Top of Materials provided

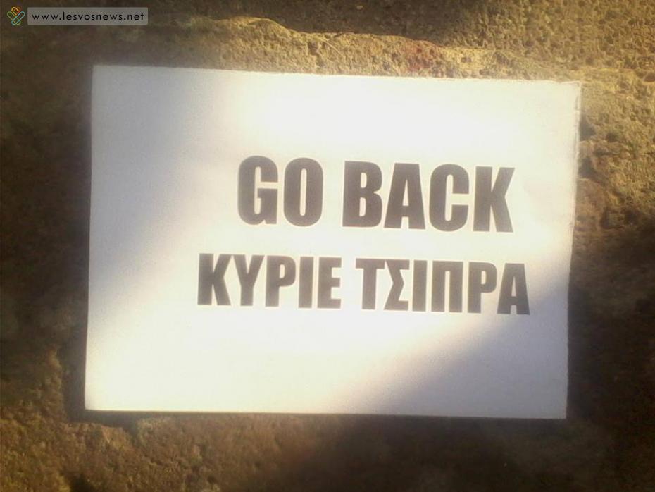 Σύμφωνα με το lesvosnews.net, οι διαδηλωτές, κατά τη διάρκεια της κατάληψης, πέταξαν φέιγ βολάν με διάφορα συνθήματα, όπως «Go back κύριε Τσίπρα».
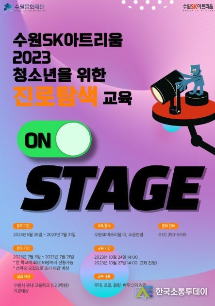 한국소통투데이 관리자 기자 | 수원문화재단은 7월 21일까지 ‘무대기술 아카데미 청소년을 위한 'ON-STAGE 진로탐색'’ 교육생을 모집한다.
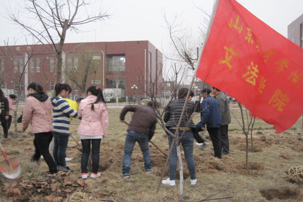 阳春三月,草木秀润。为进一步提高全院的绿化意识和文明素质,打造绿色学习环境,构建和谐文化校园。文法学院基层团委、学生会于3月12日早7点,在山东英才学院北校区开展植树活动,文法学院基层团委学生会成员积极参与,取得良好效果。
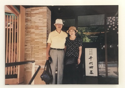 ⑥千代田区内で好きな場所はありますか(お気に入りの店でも。)。 北の丸公園です。 秋の紅葉の後、ミニ盆栽が趣味の主人と紅葉の種を取りに行きました。 (写真はご主人と千代田荘へ旅行した時) |
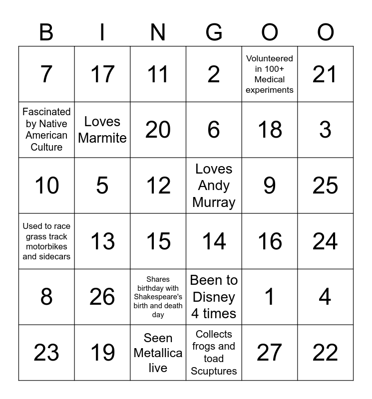 This bingo card has 36 words: Been to Disney 4 times, Shares birthday with Shakespeare's birth and death day, Collects frogs and toad Scuptures, Fascinated by Native American Culture, Used to race grass track motorbikes and sidecars, Loves Andy Murray, Loves Marmite, Seen Metallica live, Volunteered in 100+ Medical experiments, 1, 3, 2, 4, 5, 6, 7, 8, 9, 10, 11, 12, 13, 14, 15, 16, 17, 18, 19, 20, 21, 22, 23, 24, 25, 26 and 27.
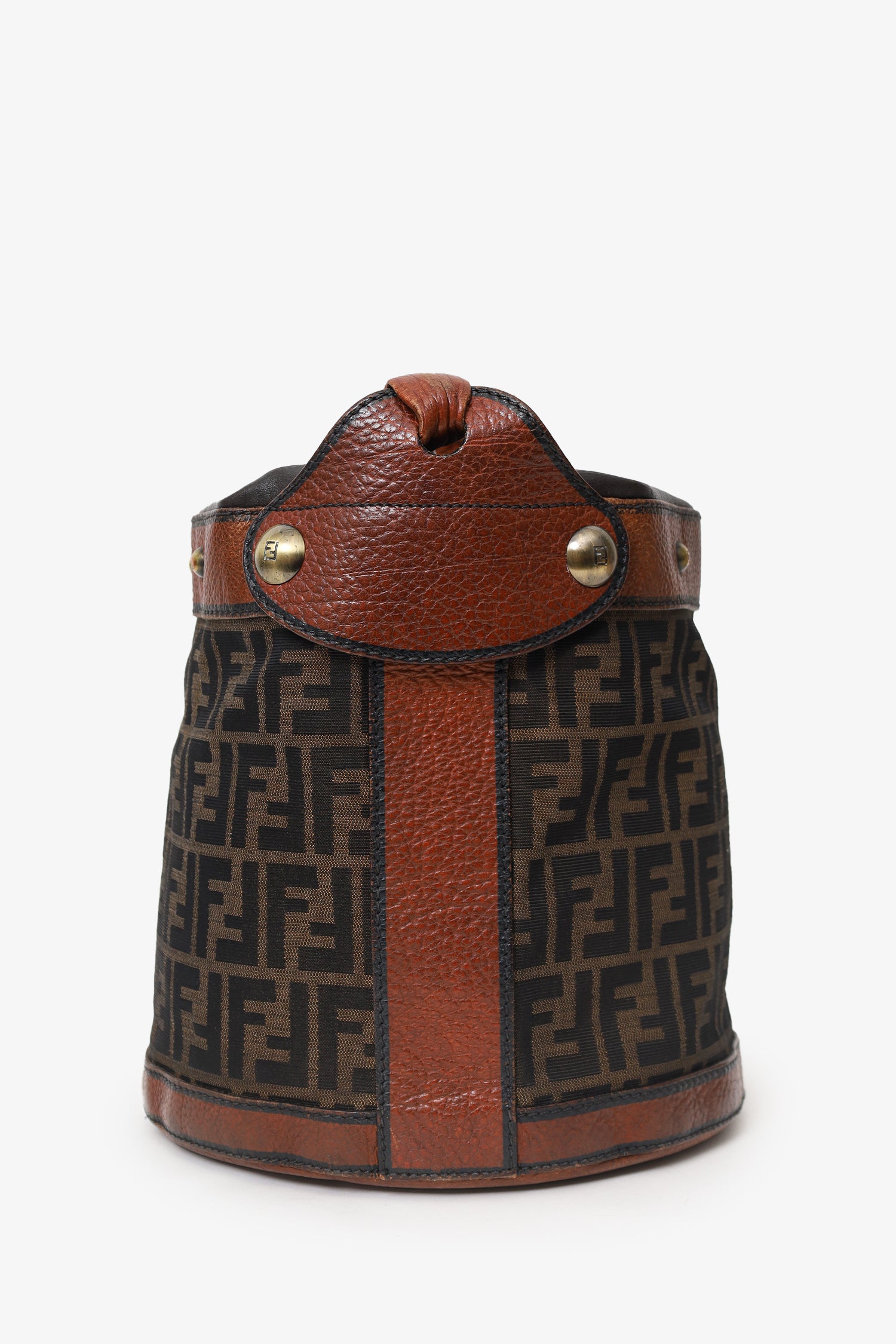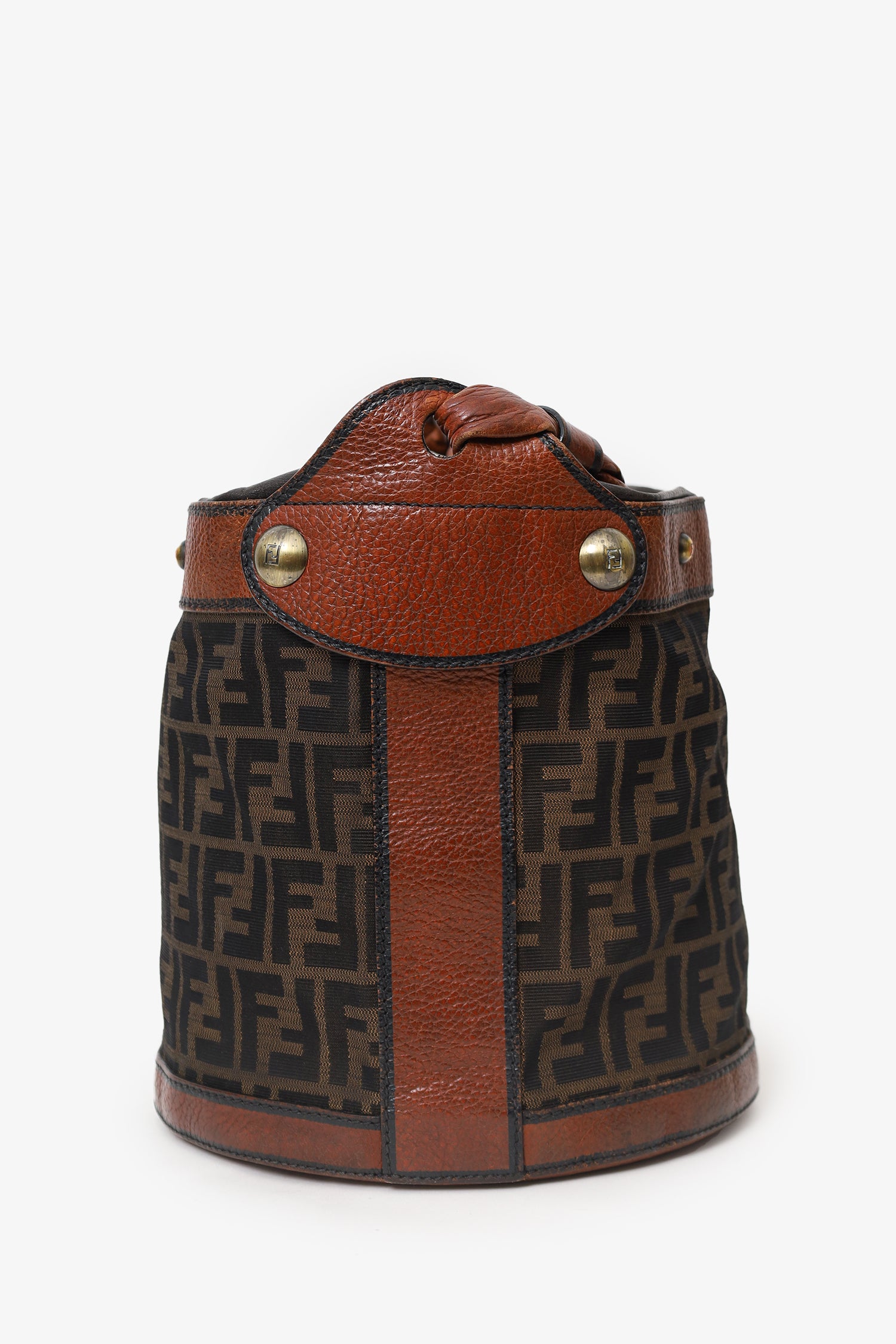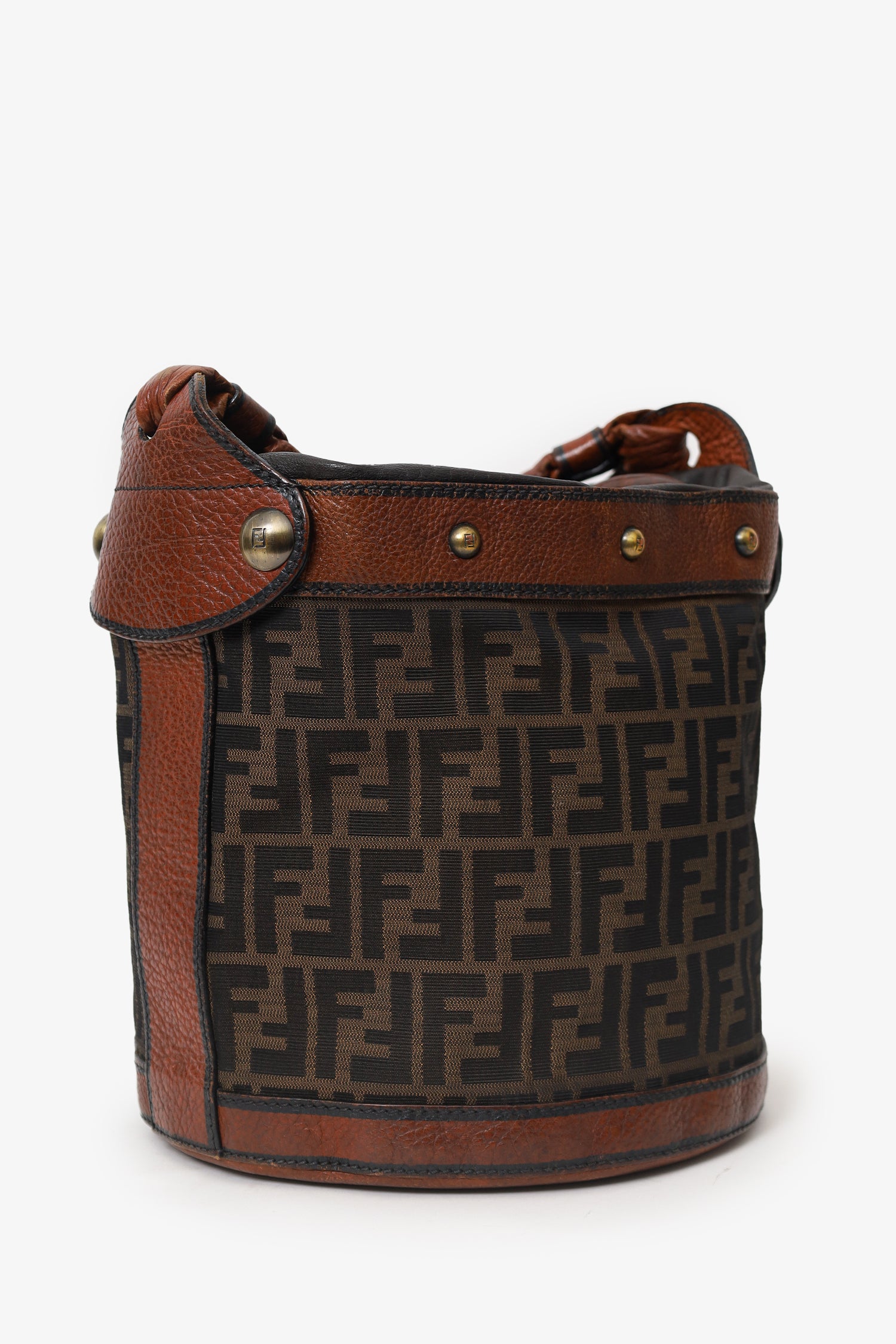 Refresh availabilityFendi Brown Leather/Canvas Zucca Palazzo Bucket Bag. Interior cinch cord closure. Shoulder strap. Lined interior with 6 slip pockets. Brass-tone hardware. Tonal stitching.
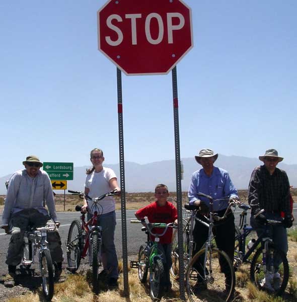 The next morning, We awoke to a flat tire (4 psi internal pressure) on Nathen's van. Vigorous application of the bicycle pump increased that pressure to 20 psi before Nathen took his turn, and broke the pump (a piece of the plastic housing in the bottom of the housing ruptured--how odd is that?). We decided the van would roll down the hill with that pressure--if we took it slowly, so Terre (as well as the drivers) stayed behind the bicycles (this also served as a screen for cars coming down the mountain behind the cyclist [both of them]). |
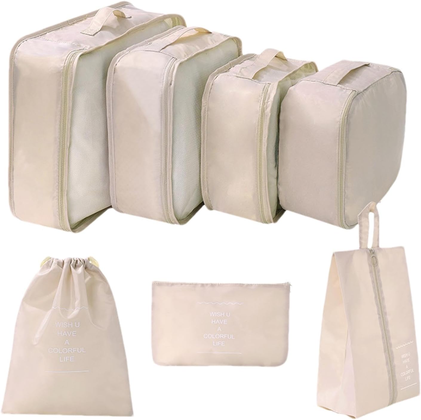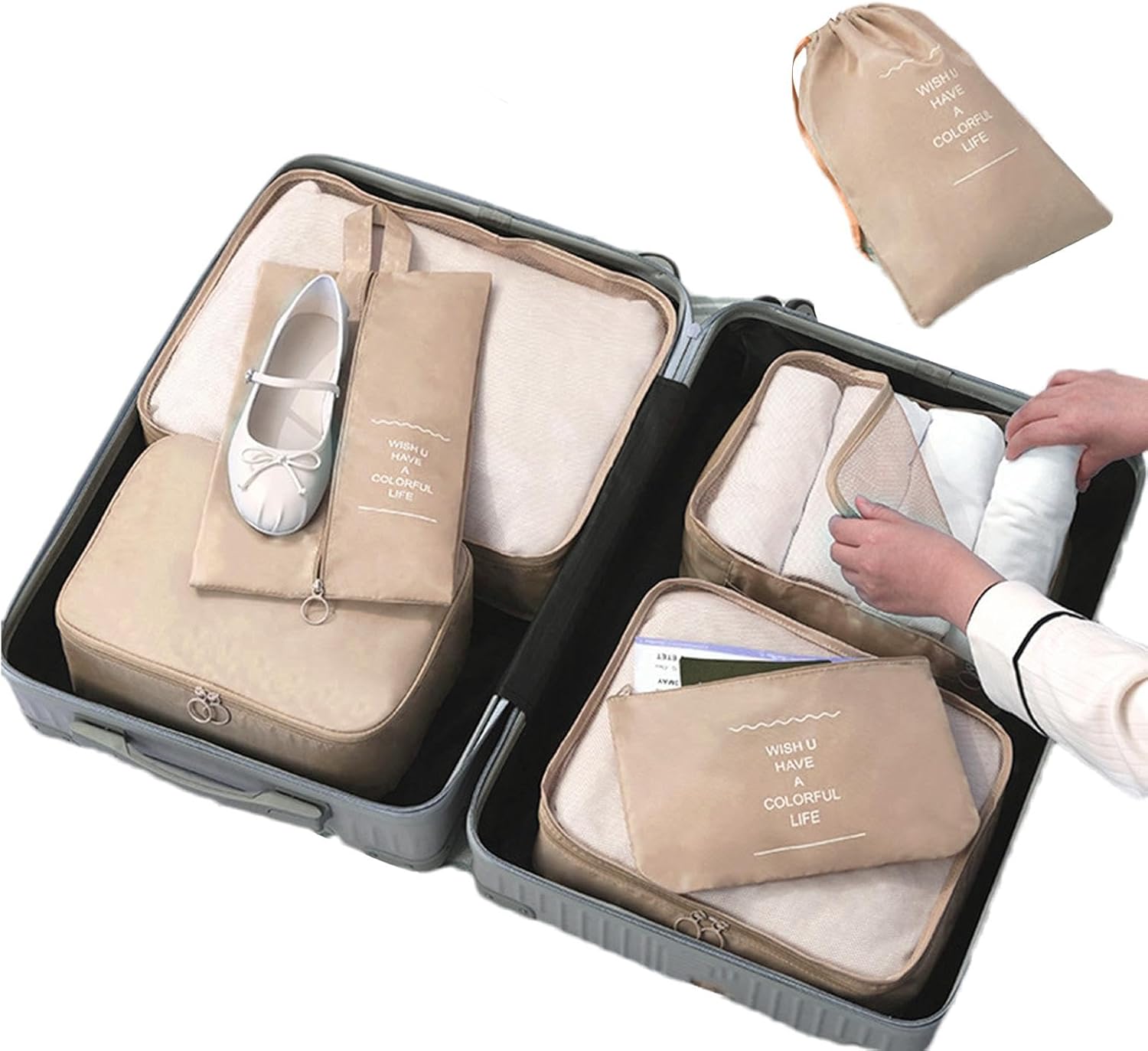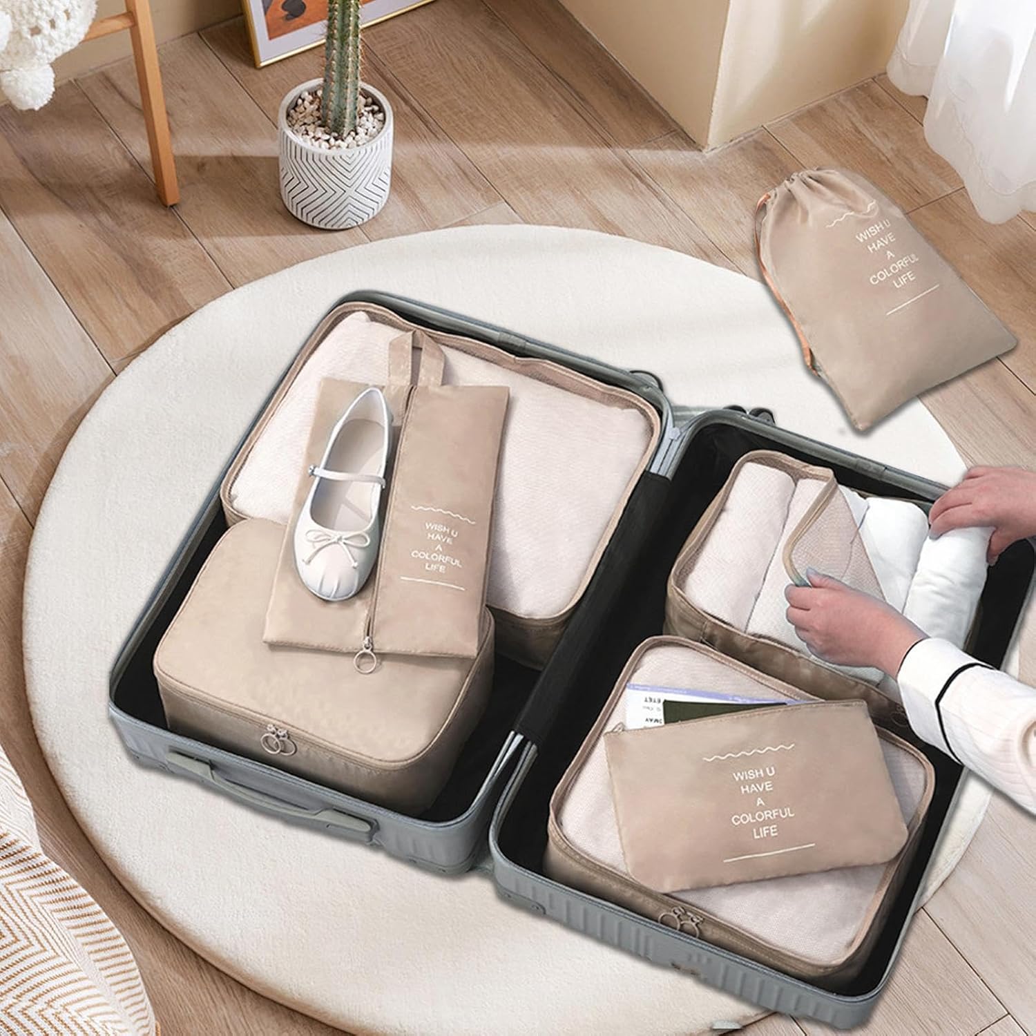 Travel Storage Bag, Suitcase Packing Organizer, 7-Piece Luggage Cubes Set, Lightweight Travel Accessories, Space-Saving Clothes and Toiletry Organizer for Trips
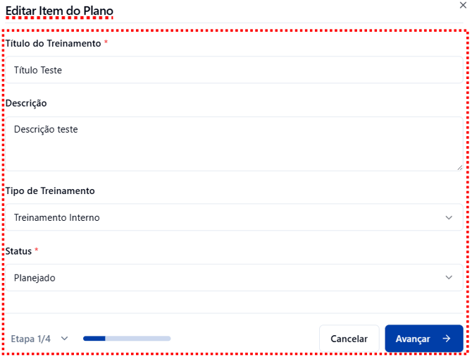 . Desta forma será exibido uma tela para que o colaborador possa realizar as alterações de todas as etapa que seja necessário no treinamento.
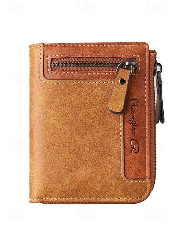 Men's Vintage Brown Leather Wallet with Zipper Pocket and
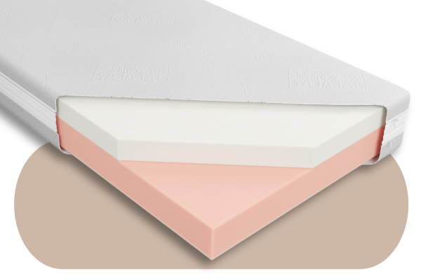 Materac o wysokości ok. 22 cm zbudowany jest z 14 cm warstwy pianki wysokoelastycznej Komfort Soft o zwiększonej gęstości i sprężystości, dzięki której produkt dopasowuje się do kształtu ciała, idealnie je podpierając, połączonej z 8 cm warstwą pianki termoelastycznej o dużej gęstości, która pod wpływem temperatury idealnie dopasowuje się do kształtu ciała. Pianka ta reaguje na temperaturę i ciężar ciała, jest antybakteryjna i nie pozwala na rozwój roztoczy. Staje się bardziej miękka w miejscu, gdzie ciało się styka z powierzchnią materaca. Utrzymanie wysokiego poziomu czystości zapewnia zamek błyskawiczny umożliwiający zdjęcie pokrowca.

Bottom of Materials provided

## What you need to do
Word for word, retype the lines in the entries above that run from the one with "秋の紅葉の後、ミニ盆栽が趣味の主人と紅葉の種を取りに行きました。 (写真はご主人と千代田荘へ旅行した時) |" through the one with "Refresh availabilityFendi Brown". Both ends count; pictures do not.

## Completed task
 ⑥千代田区内で好きな場所はありますか(お気に入りの店でも。)。 北の丸公園です。 秋の紅葉の後、ミニ盆栽が趣味の主人と紅葉の種を取りに行きました。 (写真はご主人と千代田荘へ旅行した時) |
 This bingo card has 36 words: Been to Disney 4 times, Shares birthday with Shakespeare's birth and death day, Collects frogs and toad Scuptures, Fascinated by Native American Culture, Used to race grass track motorbikes and sidecars, Loves Andy Murray, Loves Marmite, Seen Metallica live, Volunteered in 100+ Medical experiments, 1, 3, 2, 4, 5, 6, 7, 8, 9, 10, 11, 12, 13, 14, 15, 16, 17, 18, 19, 20, 21, 22, 23, 24, 25, 26 and 27.
 Refresh availabilityFendi Brown Leather/Canvas Zucca Palazzo Bucket Bag. Interior cinch cord closure. Shoulder strap. Lined interior with 6 slip pockets. Brass-tone hardware. Tonal stitching.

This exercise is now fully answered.